2015 Volkswagen Golf TDI engine© Motor Trend Staff 2015 Volkswagen Golf TDI engine

John German, a senior fellow at the International Council on Clean Transportation, told Bloomberg that even the newer cars need to get their entire after-treatment system and particulate filter replaced. He also pointed out that Volkswagen could also install a system that sprays a urea-based solution to clean the pollutants in the exhaust in older vehicles produced from 2009 to 2014. However, it would be an expensive retrofit since it would require putting a urea tank in cars that weren't designed to have one. This means that the older diesel-powered vehicles may end up getting scrapped instead if costs for the fix are too high.

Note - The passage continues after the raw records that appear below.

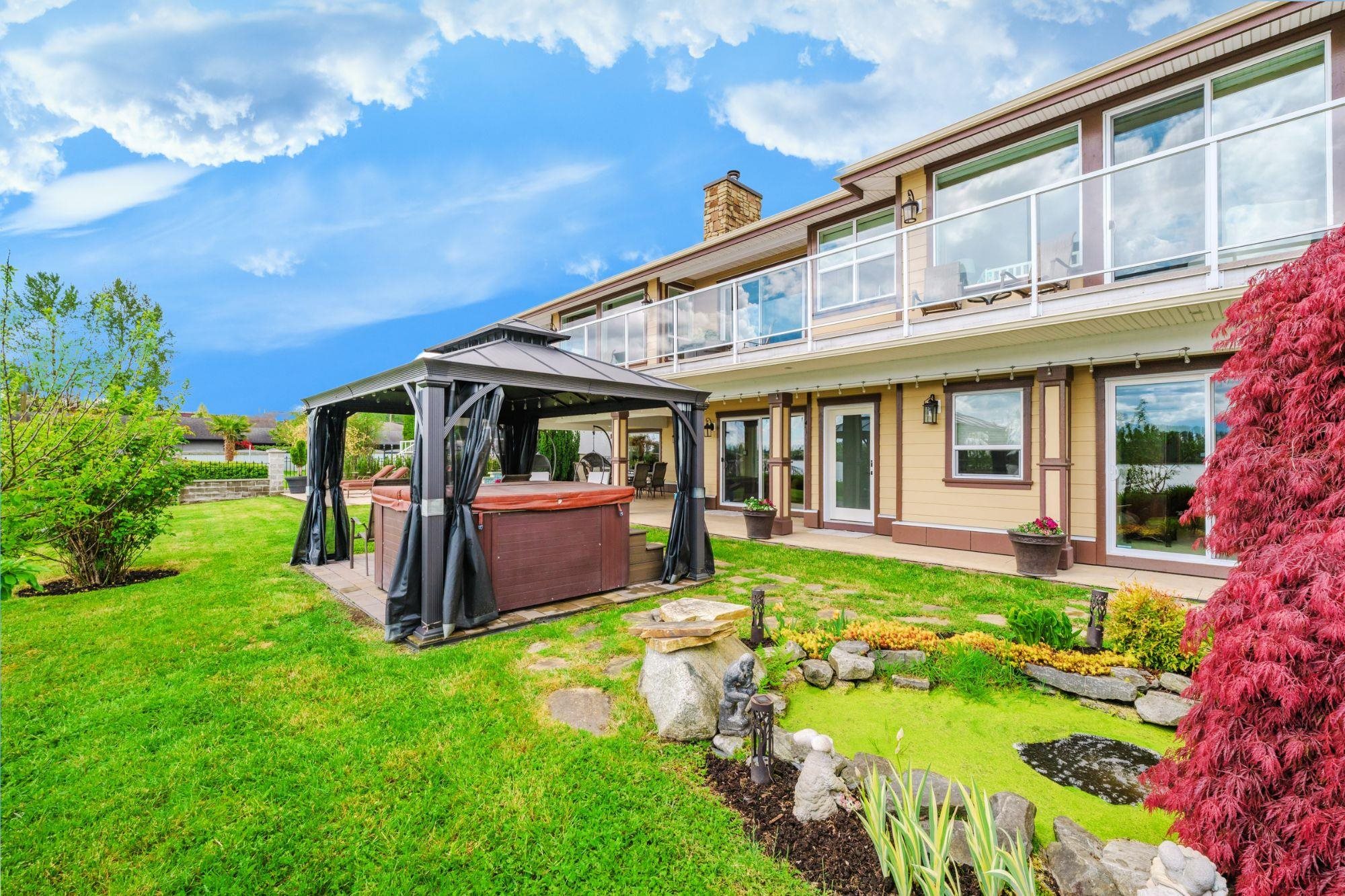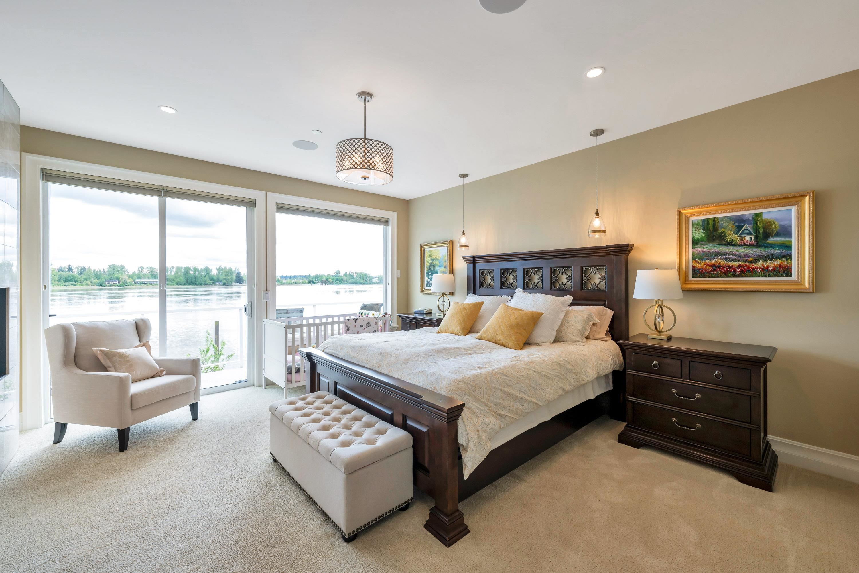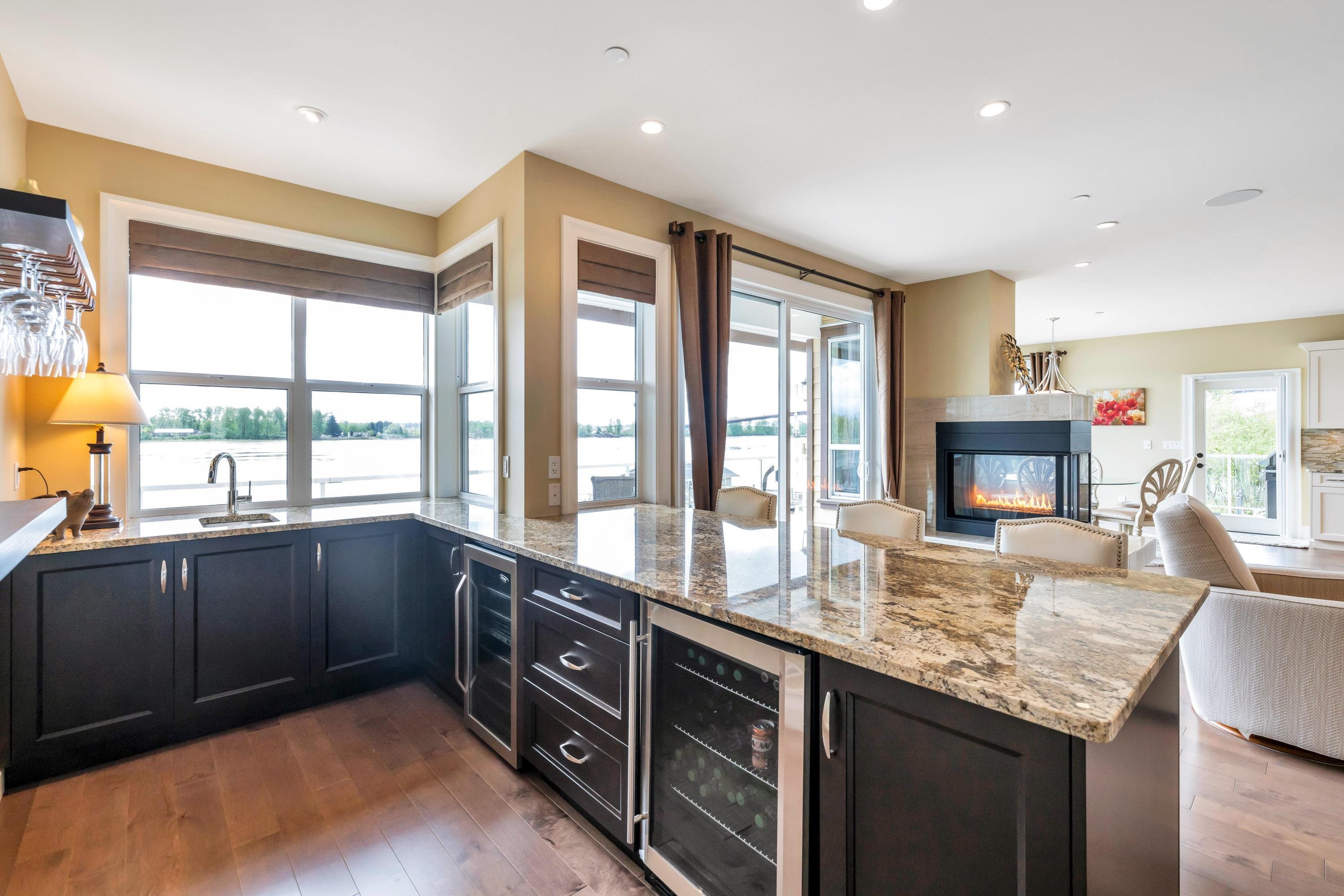 RARE FIND! INCREDIBLE WATERFRONT ESTATE on GORGEOUS 11,282 SF property with 100 feet of Fraser River waterfront & BREATHTAKING PANORAMIC MOUNTAIN & RIVER VIEWS from all main rooms in the open-concept living space that flows out to a private south exposed Resort Style Oasis with Pool, Hot Tub & Huge Heated Patios! Newer steel pilings ready for your boat dock. STUNNING CUSTOM 5633 sf open plan rancher with walkout bsmt is a perfect blend of comfort & elegance. Main floor - 2 spacious bedrms - spectacular prim...
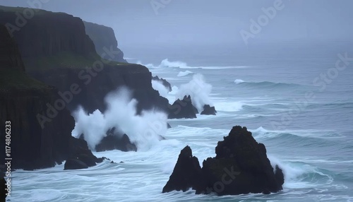 Dramatic Ocean Waves Crashing Against Rugged Cliffs
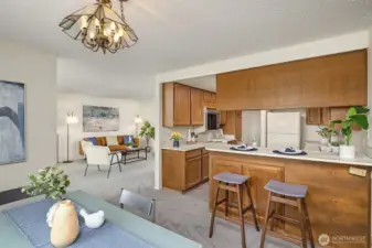 In the heart of Northgate, this light-filled 2-bed condo at Westbury Terrace offers unbeatable convenience near Northgate Mall, Light Rail Station & North Seattle College. No rental cap provides investment flexibility. Charming parquet entry flooring adds character, while brand NEW carpet &fresh paint create a move-in-ready feel. Enjoy territorial views from bright solarium-style alcove—perfect for a sitting area or reading nook. Inviting kitchen features abundant cabinetry & breakfast bar seating. Ready for your personal updates. Spacious Primary Suite. In-unit washer & dryer. Includes private storage unit & 2 parking spots. HOA covers water, sewer & garbage. Exterior remodel in 2022 w/ new siding, windows, roof, paint & elevator.
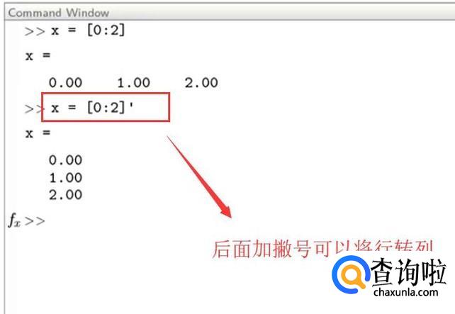 另外如果在中括号后面加上撇号的话则代表将声明的数组由行转化为列,如下图所示
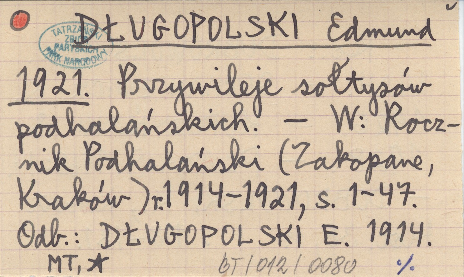 Rocznik Podhalański (Zakopane, Kraków) , R. 1914-1921: 1-47. Odb.: DŁUGOPOLSKI E. 1914. REC: DOBROWOLSKI K. 1924 ; SOCHANIEWICZ K. 1926 ; KUPCZYŃSKI S. 1928 ; PŁAZA S. 1968: 14. ; DOBROWOLSKI K., Kwartalnik Historyczny 38: 118-131. ;
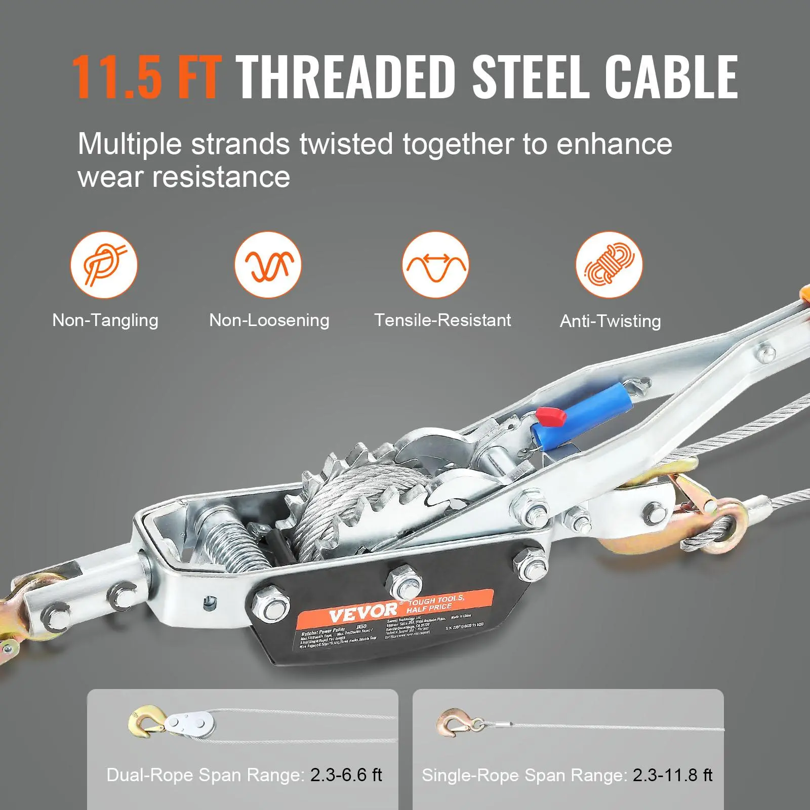 • 11.5 ft Steel Cable: Say goodbye to tangles and hello to convenience with our 11.5 ft steel cable winch puller. Whether you're hauling materials over a long distance or pulling with all your might, switch effortlessly between single or double rope modes. Our premium steel cable's got your back!
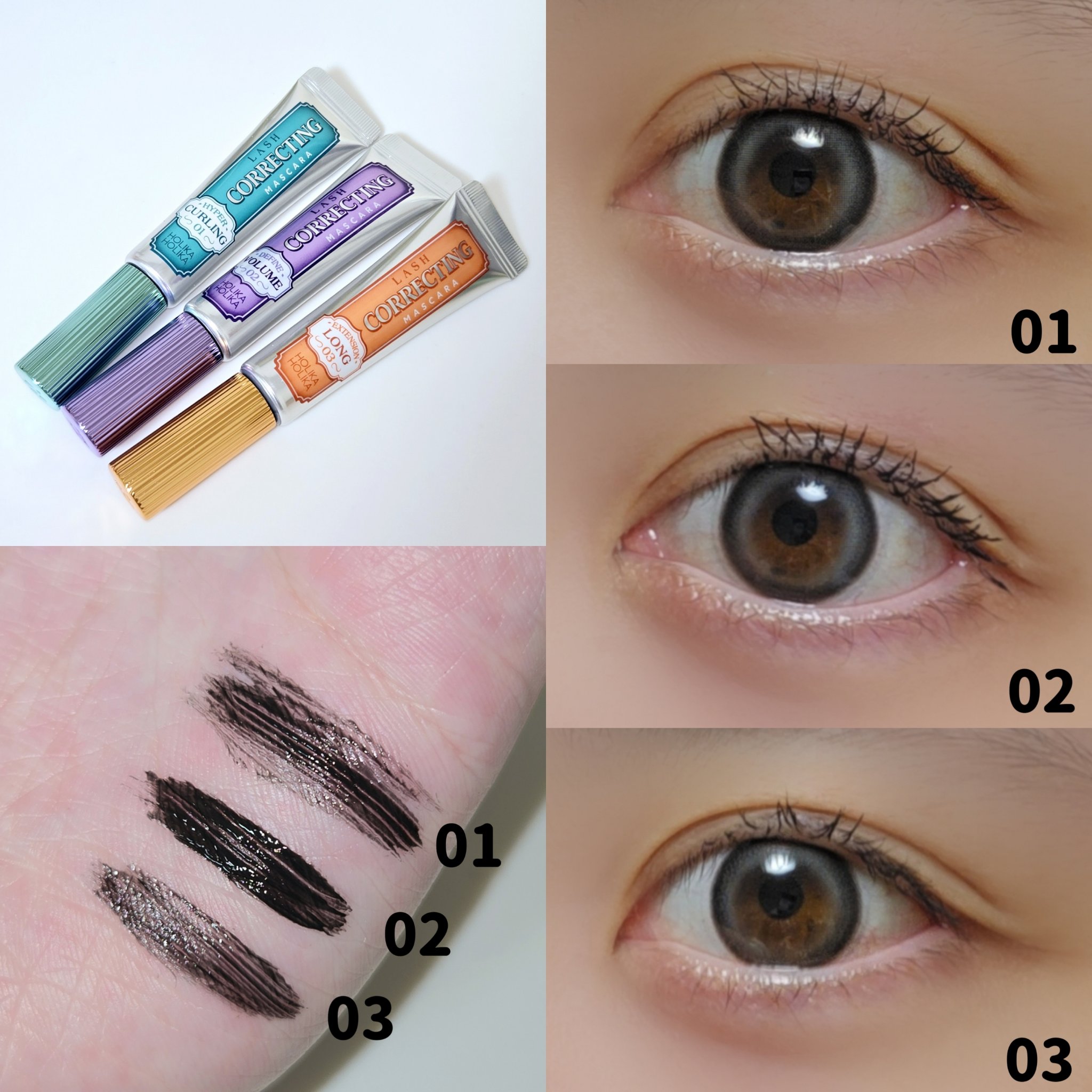 あなたはどんなまつ毛になりたい??👀✨なりたい仕上がりに合わせてマスカラを選べる😆🌸HOLIKAHOLIKAホリカホリカラッシュコレクティングマスカラ01ハイパーカーリング/02ディファインボリューム/03ロングエクステンション01のハイパー...
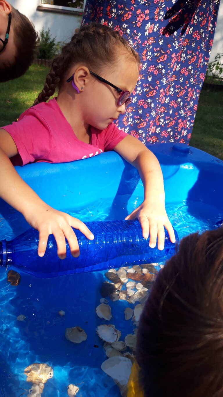 Poszukamy w wodzie kamyków, muszelek.Przywieźliśmy z wakacji skarbów tak wiele. W naszym przedszkolu wspominaliśmy wakacje. Korzystając z przepięknej pogody stworzyliśmy własne morze z muszelkami i kamykami. W basenie dzieci czuły się jak ryby w wodzie. Skakały, śpiewały – radości nie…

A Volkswagen spokeswoman stated to Bloomberg that it's important for the automaker to make things right for its customers and to rebuild consumer trust in the brand in the U.S. Fred Emich, general manager of Emich Volkswagen in Denver, also told the publication that the automaker has set up a threshold to determine if it's more cost effective to scrap a car instead of fixing it. Emich added that the service department of his dealership has taken a hit because of the emissions cheating scandal which has removed around 200,000 diesel-powered cars from the road.

© Motor Trend Staff

Volkswagen has until June 20, 2019 to finish buying back or repairing at least 85 percent of its rigged 2.0-liter diesel vehicles. In the event that the automaker falls short, it would need to pay $85 million to the EPA and $13.5 million to CARB for each percentage point below the agreed threshold. Volkswagen has since hired 1,300 contractors for its buyback program, including so-called "settlement specialists" at Volkswagen and Audi dealerships who cut checks for owners opting for the buyback.